**GOAL OF THE EXERCISE**:
Print exactly and only the lines that run from the one containing "Kitul Casuta DIY" through the end of the material, please, omitting pictures.

**MATERIAL FOR THE TASK**:
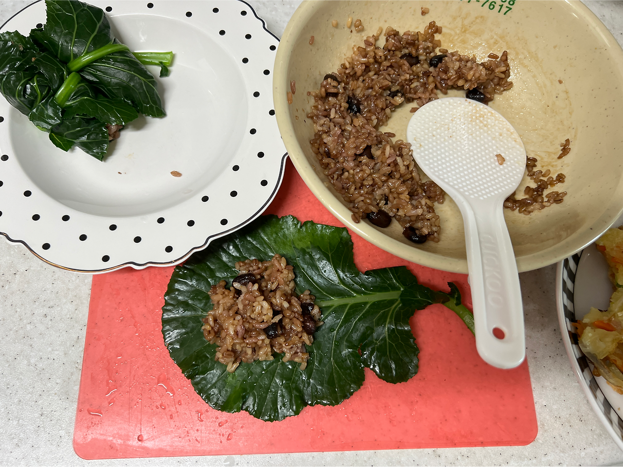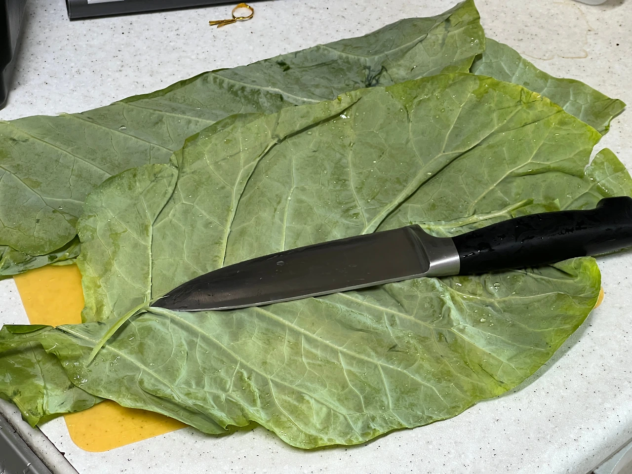 그런데 케일이 조금 문제다. 일단 어렵사리 케일을 사오긴 했는데 잎사귀는 손바닥보다 조금 작다. 가운데에 대가 있어서 이게 잘 쌈이 싸질까? 싶다. 하긴 당연한 고민인 것이, 식당에선 쌈을 위해 적당한 사이즈의 케일만을 따로 구매하거나 할 것이고, 나에겐 그런 선택지가 없다. 파는 걸 사서, 그것을 어떻게든 만들어내야 하는 것이다.
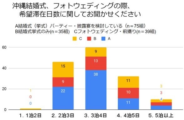 コロナ禍を期に、沖縄リゾートウェディングを希望するカップルの希望滞在日数と総予算が3泊4日と100万-150万円が最も多く、4泊以上が全体の28%、フォトウェディングで100万以上が41%になった。
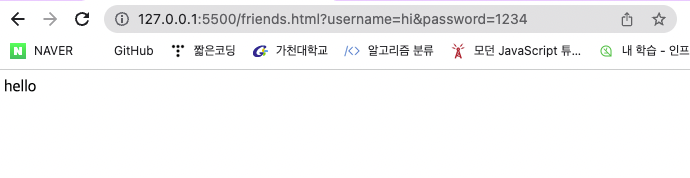로그인하면 friends.html로 넘어가게 된다. 그리고 URL을 보면 id, password가 같이 나온다.
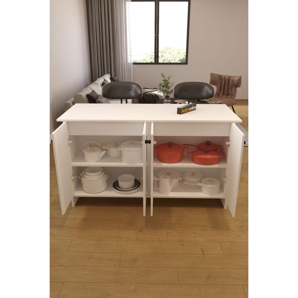 โต๊ะบาร์ครัวสีขาวทันสมัยขนาด 160 ซม. พร้อมตู้เก็บของ 4 บานอเนกประสงค์ ได้รับสิทธิบัตร AekaOnline Turkey
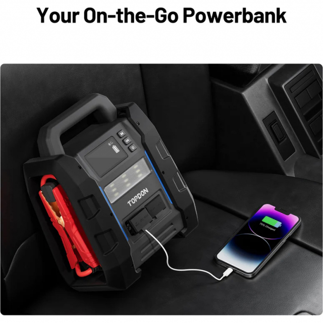 But that's not all - V4500 Plus jump starter is loaded with features aimed at enhancing your driving experience. With the capability to test your battery and monitor its status through app, you can stay proactive in preventing unexpected breakdowns. Moreover, with its super-fast charging capabilities, it can recharge your smartphone in just 25 minutes. Additionally, equipped with 15 ultra-bright LEDs and six red warning lights, jump starter delivers up to 500 lumens of light, ensuring you're never left in the dark.
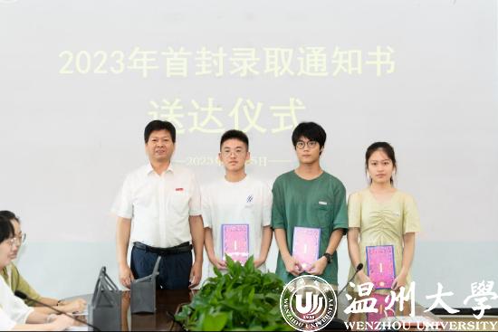 座谈会上,庄兴忠向春晖中学优秀毕业生、被杏吧 提前批师资定向小学教育(师范)专业录取的冯一坚、马艺嘉、邵思嘉送上了杏吧 2023年首批录取通知书。谈及志愿选择时,他们均表示,受到家庭教育的熏陶和身边老师的影响,成为教师是他们从小的梦想。
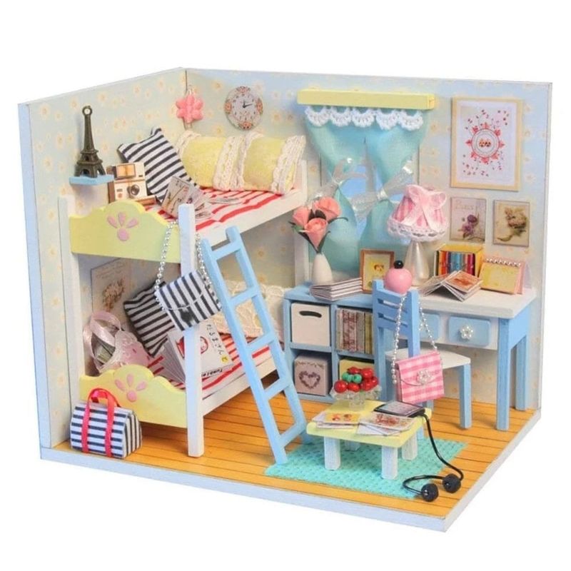 Kitul Casuta DIY in Miniatura cu Pat Supraetajat, Multicolor - Set Complet cu Mobilier si Accesorii este un proiect de asamblare detaliat si captivant, perfect pentru cei pasionati de modelism si decoratiuni interioare. Acest set ofera oportunitatea de a construi si personaliza o casuta in miniatura plina de culoare si stil, echipata cu mobilier si accesorii atent detaliate.
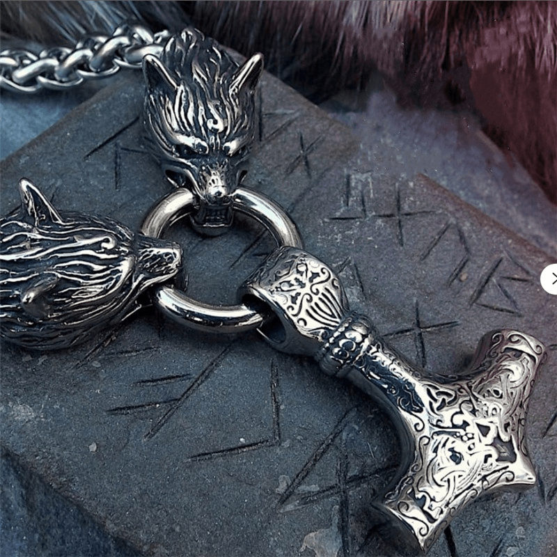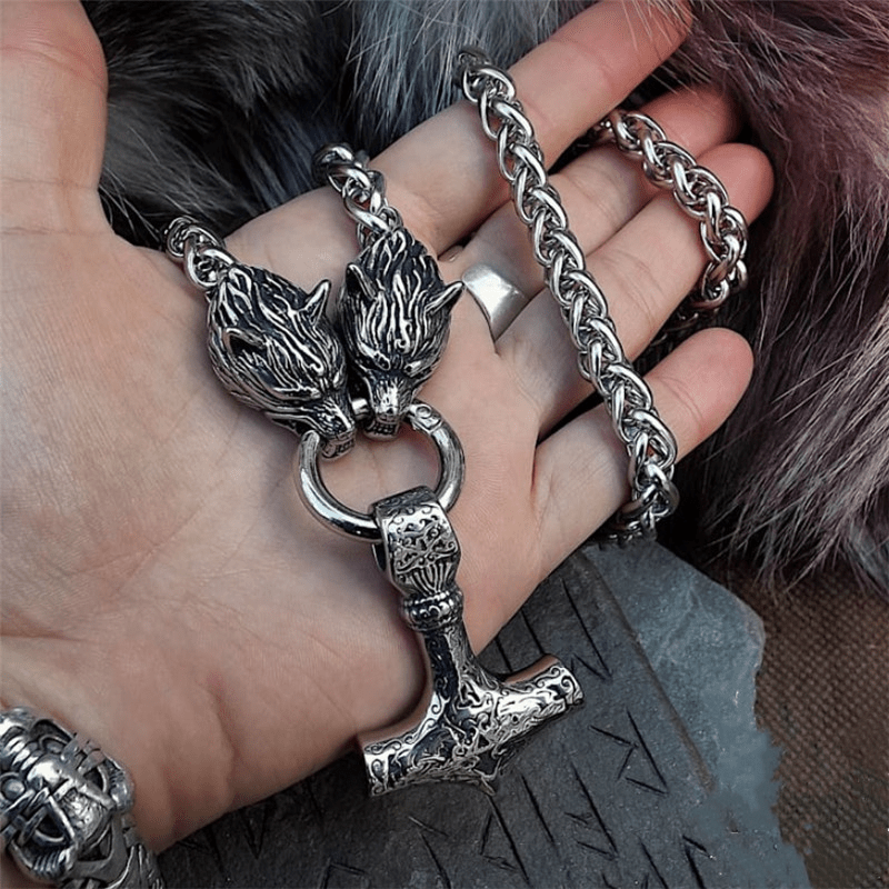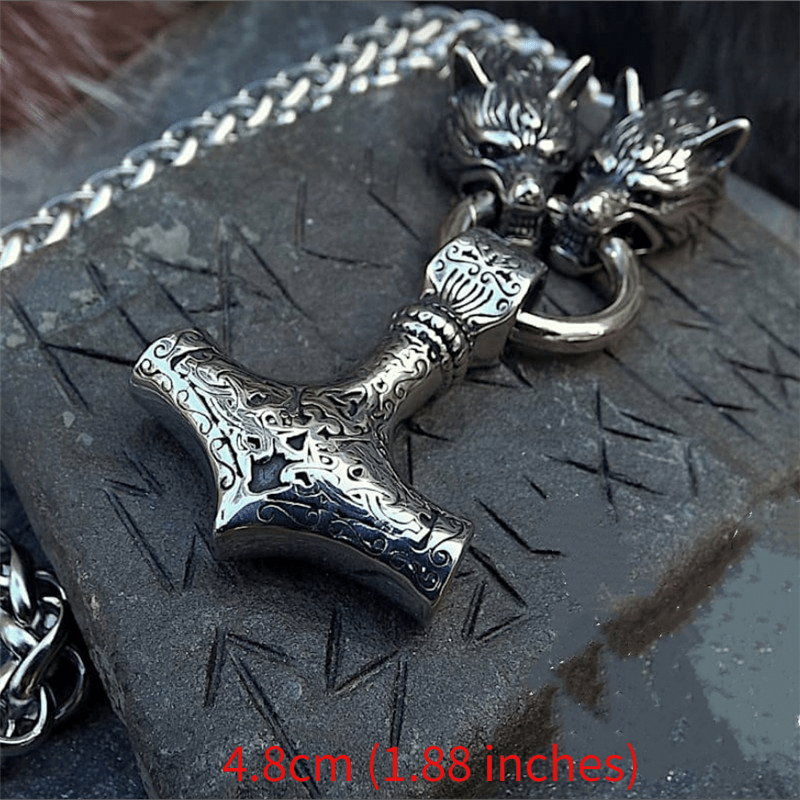 This vintage necklace features a Viking wolf head hammer pendant, making it a perfect amulet jewelry piece for men. Ideal for hip hop style, it also makes a great gift for Christmas, holidays, or party decorations.
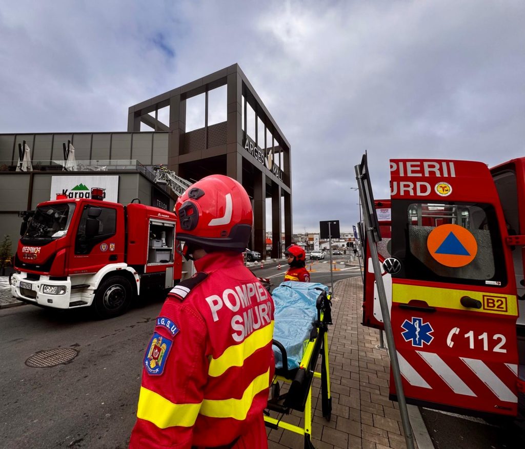 Un exercițiu amplu cu forțe și mijloace de intervenție a avut loc astăzi, începând cu ora 10:15, pe amplasamentul centrului comercial Argeș Mall din municipiul Pitești.
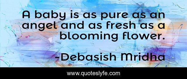 This page presents the quote "A baby is as pure as an angel and as fresh as a blooming flower.". Author of this quote is Debasish Mridha. This quote is about inspirational, philosophy, debasish-mridha, a-baby-is-an-angel, quotes, debasish-mridha-md, babies, enthusiasm, pure-as-an-angel,.
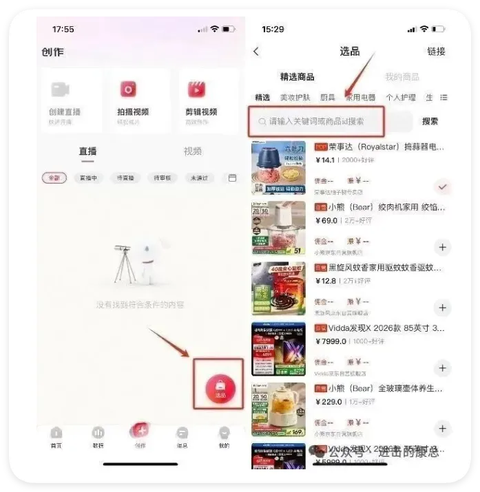 回到某东内容助手,点击右下角加号去选品,搜索你要带的商品加到自己的橱窗,
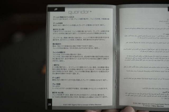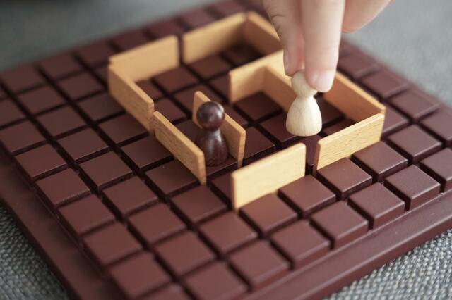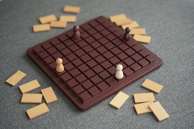 9×9マスの盤面と20枚の壁、自分のコマで遊ぶボードゲームで、2人〜4人で遊べます。
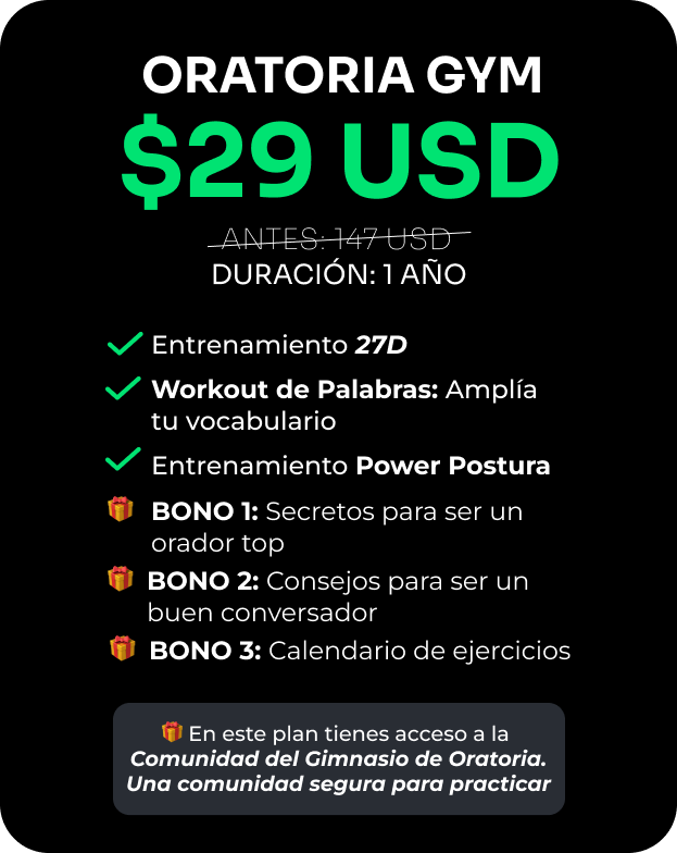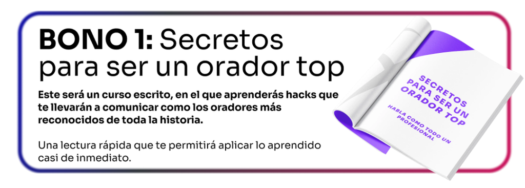 Las muletillas ya no serán un problema. Aprende a erradicarlas para que hables como un profesional. Solo encontrarás este precio aquí. Accede hoy por este valor, y además, accede a 2 bonos sorpresa dentro de este ebook.
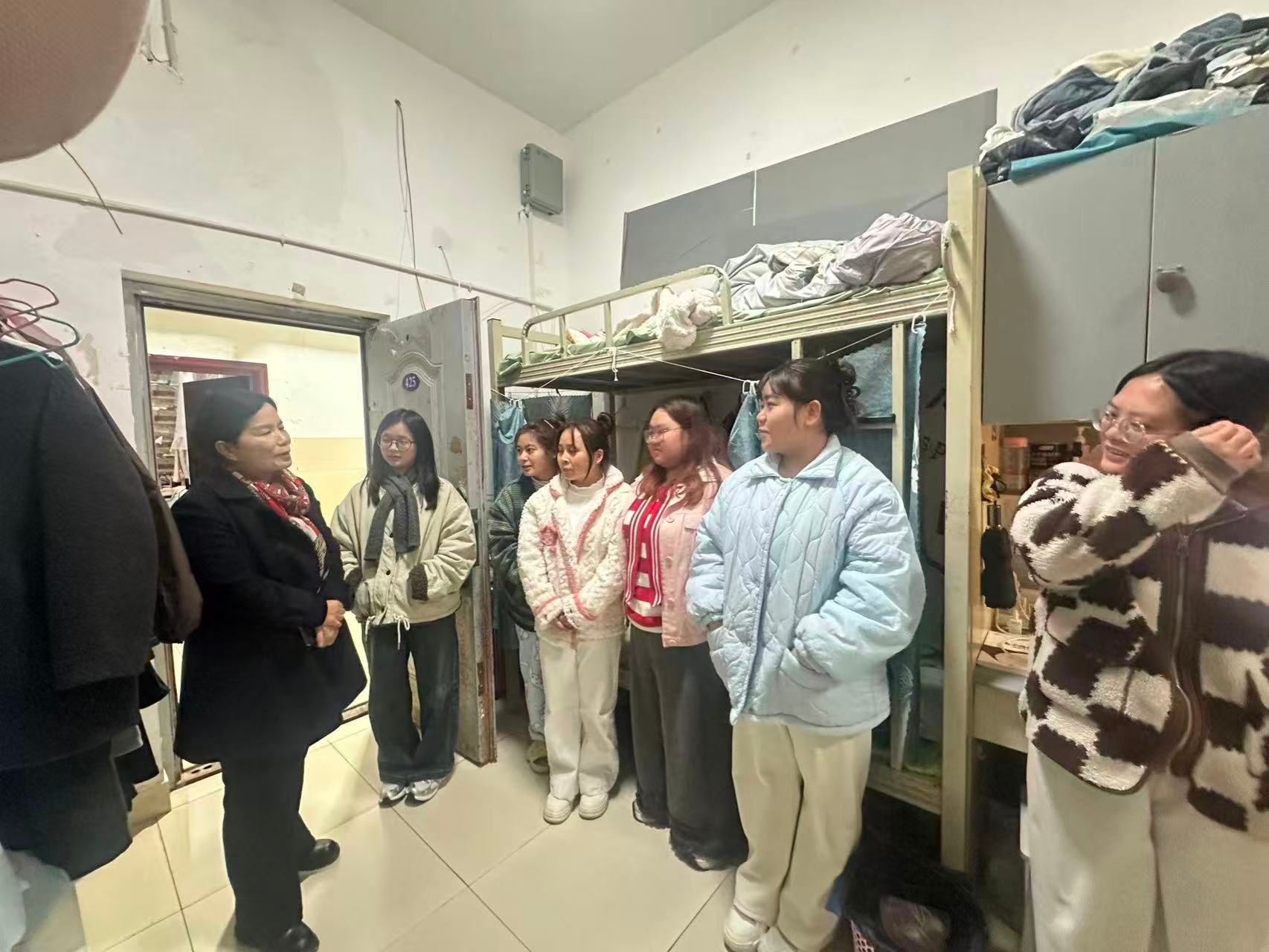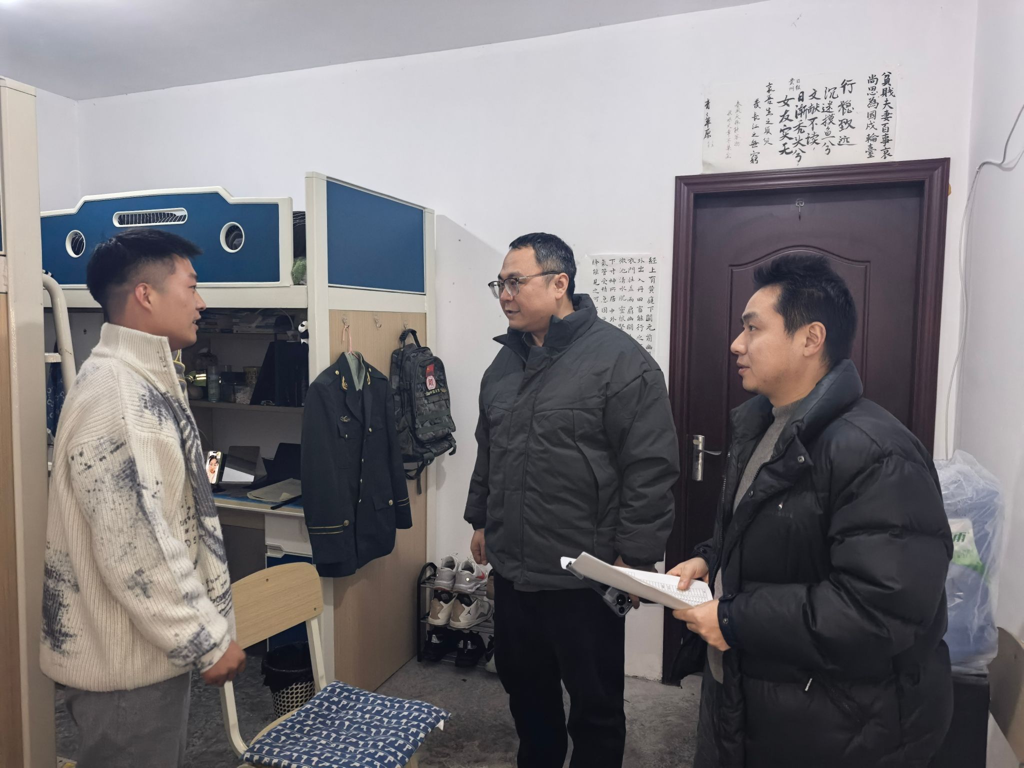 寒假将至,期末考试临近,为切实关心关怀学生,强化学生宿舍安全管理,深入了解学生思想动态与生活情况,营造安全、文明、和谐、健康的学生宿舍环境。学院领导班子成员与全体辅导员于12月24日至25日深入学院两校区学生寝室,开展了集中走访。

**WRITTEN SOLUTION**:
 Kitul Casuta DIY in Miniatura cu Pat Supraetajat, Multicolor - Set Complet cu Mobilier si Accesorii este un proiect de asamblare detaliat si captivant, perfect pentru cei pasionati de modelism si decoratiuni interioare. Acest set ofera oportunitatea de a construi si personaliza o casuta in miniatura plina de culoare si stil, echipata cu mobilier si accesorii atent detaliate.
 This vintage necklace features a Viking wolf head hammer pendant, making it a perfect amulet jewelry piece for men. Ideal for hip hop style, it also makes a great gift for Christmas, holidays, or party decorations.
 Un exercițiu amplu cu forțe și mijloace de intervenție a avut loc astăzi, începând cu ora 10:15, pe amplasamentul centrului comercial Argeș Mall din municipiul Pitești.
 This page presents the quote "A baby is as pure as an angel and as fresh as a blooming flower.". Author of this quote is Debasish Mridha. This quote is about inspirational, philosophy, debasish-mridha, a-baby-is-an-angel, quotes, debasish-mridha-md, babies, enthusiasm, pure-as-an-angel,.
 回到某东内容助手,点击右下角加号去选品,搜索你要带的商品加到自己的橱窗,
 9×9マスの盤面と20枚の壁、自分のコマで遊ぶボードゲームで、2人〜4人で遊べます。
 Las muletillas ya no serán un problema. Aprende a erradicarlas para que hables como un profesional. Solo encontrarás este precio aquí. Accede hoy por este valor, y además, accede a 2 bonos sorpresa dentro de este ebook.
 寒假将至,期末考试临近,为切实关心关怀学生,强化学生宿舍安全管理,深入了解学生思想动态与生活情况,营造安全、文明、和谐、健康的学生宿舍环境。学院领导班子成员与全体辅导员于12月24日至25日深入学院两校区学生寝室,开展了集中走访。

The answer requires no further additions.